Every good blog post is just one ‘right’ keyword away from making Google’s front page.

Notice that I say ‘keyword’ not ‘keywords’. I only ever go after one keyword or keyword phrase; everything else is a bonus.

Finding The Right Keyword

To find the right keywords or keyword phrases to rank for, you need to understand domain authority.

Domain authority is a signal Google uses to rank the credibility of your website. The higher your domain authority or D/A for short, the more likely you’ll rank for a keyword.

If you have a low D/A, there’s no point going after competitive keywords, i.e. ones with high search volume.

There are two tools you need to help you here.

Keywords Anywhere is a chrome extension that will show you everything you need to know about keyword competitiveness, like search volume.

Moz SEO analysis tool will tell you what the domain authority of yours and other websites are.

D/A scores are calculated using a logarithmic scale out of 100. This means it’s way harder to improve from 40 – 50 than going from 0 – 10. Very few websites score above 90, and most score below 10. Our’s (the blog you’re reading) currently has a D/A of 9, which is very low.

Our score of 9 should give you hope. If we can rank with a low D/A, then you can too.

Going back to keyword competitiveness. There are multiple metrics that SEO people will tell you to consider, and maybe rightly so. I only care about 1.

Keyword search volume

See above using the keywords anywhere there are 22,000 searches per month for ‘SEO’, and Backlinko holds the top spot with a D/A of 66. Well, out of our (hakune’s) league.

If I want to rank for SEO for this blog post, I need to find a lower search volume keyword where the top content creators in this space aren’t competing. For SEO search terms, this is virtually impossible.
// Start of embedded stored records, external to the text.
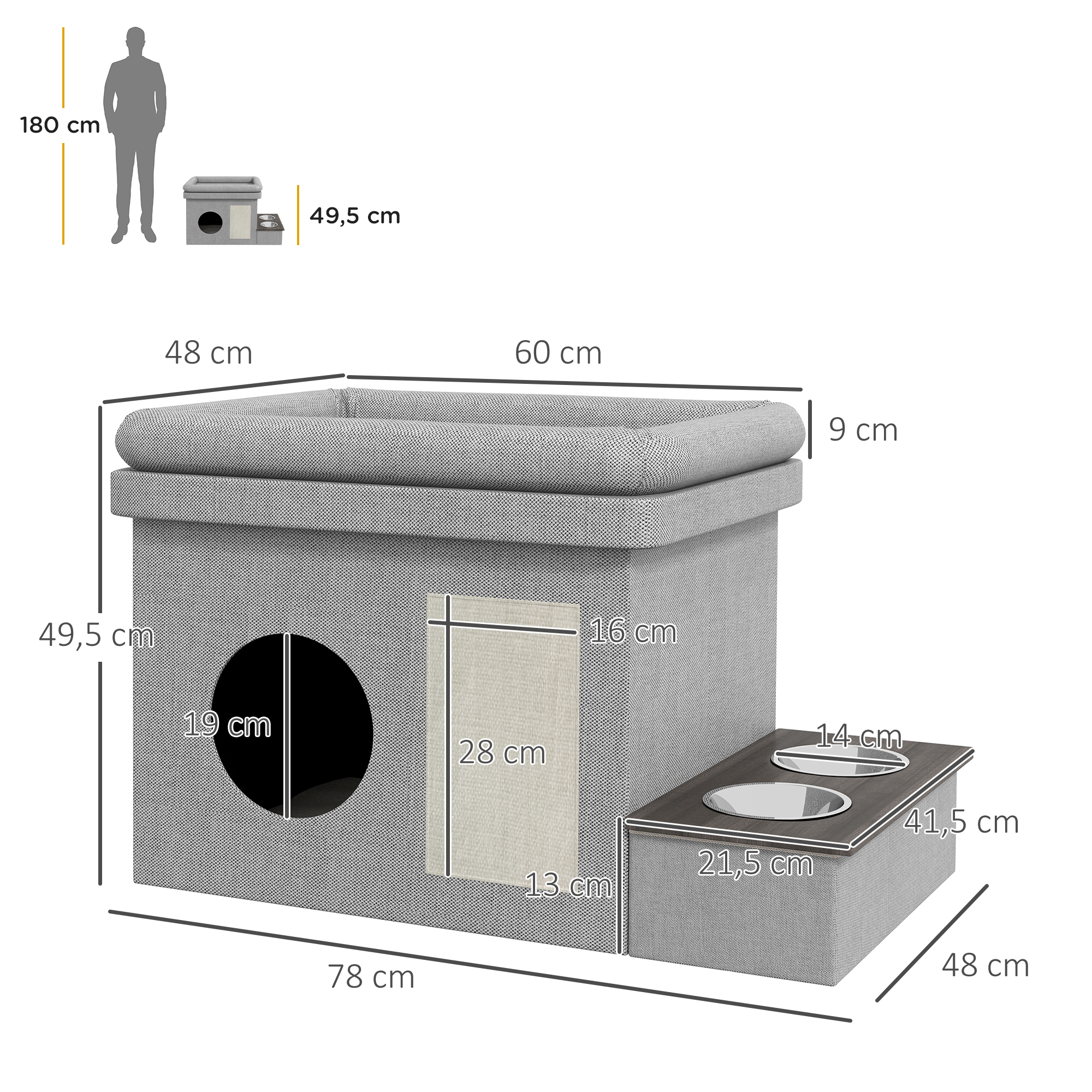 Katzenhaus, Futterplatz mit 2 Edelstahlnäpfen, Kratzmatte, weiches Liegekissen, 78 x 48 x 49,5 cm, grau
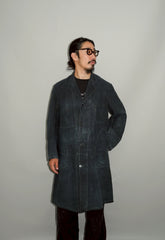 1930〜40年代に製造された、フランスの老舗ワークウェアブランド「AU MOLINEL」によるインディゴリネン製マキニョンコート。農村や市場で家畜の仲介人として働いていた「マキニョン(Maquignon)」が着用した作業着の一種であり、その中でも特に珍しいコートタイプの仕様となっています。通常のマキニョンはスモック状のプルオーバーが一般的で、前開きのロングコート型は極めて希少な存在です。
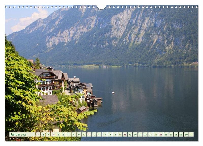 Hallstatt ist eine Marktgemeinde in Oberösterreich im Salzkammergut. Auf einem schmalen Uferstreifen zwischen See und Bergen stehen die Häuser dicht aneinander gedrängt. Aufgrund der reizvollen Landschaft und der malerischen Lage am Hallstätter See ist die kleine Gemeinde bei Touristen aus aller Welt sehr beliebt. Die Region und der romantische Ort wurden 1997 von der UNESCO zum Weltkulturerbe ernannt. Die Redaktion hat diesen Kalender für die CALVENDO Gold-Edition ausgewählt.
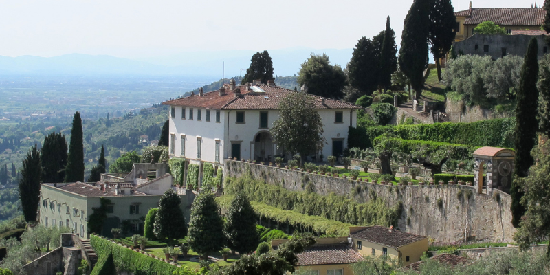A diferencia de las anteriores villas de los Medici que fueron todas adaptadas de estructuras más antiguas, la Villa Medici en Fiesole fue construida ex novo. Lo primero que salta a destacar es la impresionante vista sobre Florencia, fue construida por Michelozzo en el Siglo XV. El jardín de la adyacente Villa Le Balze fue diseñado por Cecil Pinsent para el filósofo americano Charles Augustus Strong como un renacimiento del ideal del Renacimiento italiano, y es posiblemente el más encantador y mejor conservado del trabajo de Pinsent. Por la tarde, visitamos Villa La Pietra, una vez propiedad de Sir Harold Acton, y originalmente construido por Francesco Sassetti, director general del banco de la familia Medici en el siglo XV. Hay un jardín italiano, formal pero imaginativo, y muchas esculturas.
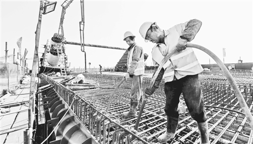 图为工人在济青高铁全线最大跨度的特殊孔跨桥面上浇筑混凝土。赵洪泉摄
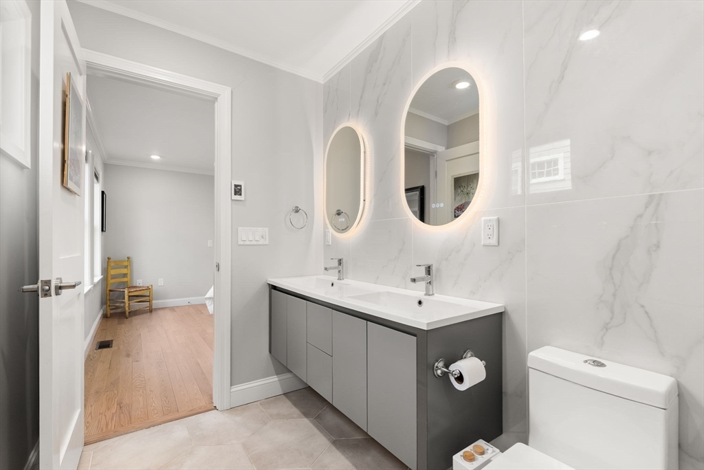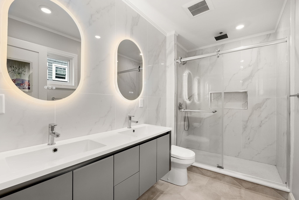 Beautifully renovated in 2023, this 4-bed, 3-bath duplex condo combines modern elegance and thoughtful design. A welcoming foyer leads to a sun-filled open layout that seamlessly connects the living, dining and kitchen areas. The kitchen is designed to satisfy even the most discerning home chef, w/custom cabinets, large island w/breakfast bar, high quality appliances. The primary bedroom suite features walk-in closet and spa-inspired bathroom. A second bedroom and gorgeous full bathroom complete the main level. The walk-out lower level offers 2 bedrooms, stunning full bathroom, and over-sized family room. The family room opens to a large private patio perfect for hosting gatherings or enjoying a serene garden setting. Private deck off the living room, storage shed, and driveway parking w/EV outlet. Located on a lush, tree-lined street near schools, parks, and shops/restaurants of Arsenal Yards, this exceptional home delivers high-end style and functionality in a very desirable setting.

After exploring longer-tail SEO search terms, I found how to optimise blog posts for SEO only has 320 searches per month and decided to go for that.

Given the high D/A of other websites ranking for this term, It’s not very likely that I’ll get on the front page, so not the best example. But I’ll keep it meta for this article.

Generally, we’ve targeted keywords that have less than 1,000 monthly searches. I don’t have any hard and fast rules about what search volumes you should target for a given website D/A. What I know for sure is, if your D/A is less than 20, anything above 5,000 per month is a waste of time.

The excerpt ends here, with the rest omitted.